As part of the Zero2Automated challenge, which is now distributed every 3 weeks, the goal was to develop a script capable of extracting IP addresses from any Danabot sample from the same campaign.
Challenge
Unfortunately, after 2 weeks of regular work, I was unable to develop a method to extract these IPs from all the samples. I focused on retrieving them from just one of them, which prevented me from taking the time to develop a universal extraction method.
I will detail the binary analysis and extraction method for a single sample.
Initial Access
The challenge file is in VBS format. It is an obfuscated script that needs to be decoded to extract the payload. This script is not really part of the challenge, but it would be interesting to understand it.
This script is composed of several arrays containing variables. These are defined at the end of the file. (Yes, in VBS, you can define variables after using them in the code…)
The file also contains unnecessary code that does not interfere with its analysis.
After deobfuscating, analyzing, and renaming the different functions and parameters, the logic appears simplistic, and it is very easy to understand the code.
In summary, this script contains the data of the file to be dropped into the arrays. The script starts by displaying a fake error message to make the user believe that the program will not run. Then, it creates a file in the Temp folder, decrypts and writes the content of the arrays into this file. Finally, it executes the newly created file (which turns out to be a DLL).
Loader?
By analyzing the imports of this DLL, I cannot find any APIs related to connections to an external server. Using the wonderful capa plugin for IDA, I only find functions responsible for resolving APIs.
So, I read the MSDN documentation and placed a breakpoint on each function that could either initialize a connection or send a request, for example:
-
WSAStartup
-
WinHttpOpen
-
socket
-
WSASend
-
WinHttpSendRequest
But no breaks, and the program closes each time.
I then looked into a possible anti-analysis function, with a breakpoint on IsDebuggerPresent, but found nothing. I realized that IPs were still being contacted even after closing the program.
There is another executable being launched, so I placed a breakpoint on the CreateProcessW API, and indeed, the DLL is relaunched via rundll32.exe.
Main Binary
By analyzing this DLL, you can see that it contains many more functions, imports, and exports than before it was launched. This makes me think of data injection into the DLL.

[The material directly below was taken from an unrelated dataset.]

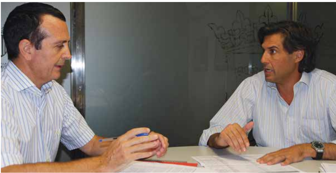
Palma y Agustí durante la reunión

El alcalde de Paterna, Lorenzo Agustí, indicó que las cuentas de 2013 se adaptarán al Plan de Ajuste presentado a raíz del Real Decreto Ley 4/2012, así como a las medidas que se derivan de la Ley Orgánica 2/2012 de Estabilidad Presupuestaria y Sostenibilidad Financiera. El primer edil añadió que "la prioridad es el mantenimiento de los servicios esenciales al ciudadano dentro de las posibilidades presupuestarias del consistorio, garantizando la sostenibilidad de la Administración Local".

We also notice imports from ws2_32.dll (Windows Sockets 2), confirming that this program is capable of contacting an external IP.
When debugging the program, I noticed that just before the WinHttpSendRequest call (sends a request to a server), a function displays IP addresses bit by bit. I delved into its analysis.
IP Resolution Function
Here is the pseudocode generated by IDA that I modified after analyzing this function with a debugger. This function takes a dword as an argument and returns a bit of an IP.
The DWORD passed as an argument is important in this function because it determines the decrypted IP. Once I understood the function, I went in search of this famous DWORD to develop my script and automatically decrypt the IPs.
In the meantime, I researched and came across a tweet (unfortunately, I don’t have the link) that discussed the different IP formats a browser understood. In these formats, hexadecimal was mentioned:
For example, you can access Google with this URL:
https://8efb2524
I entered one of the DWORDs in my browser to see what it looks like, and indeed, it was an IP. So, I analyzed a function that allowed me to convert hexadecimal to decimal so that it could be understood by WinHttp…
Shellcode
While looking for where the IPs were stored, I came across this function. It is a switch that takes a number as a parameter, which turns out to be a counter to decide which IP will be chosen, as well as a memory page to store the DWORD representing the IP.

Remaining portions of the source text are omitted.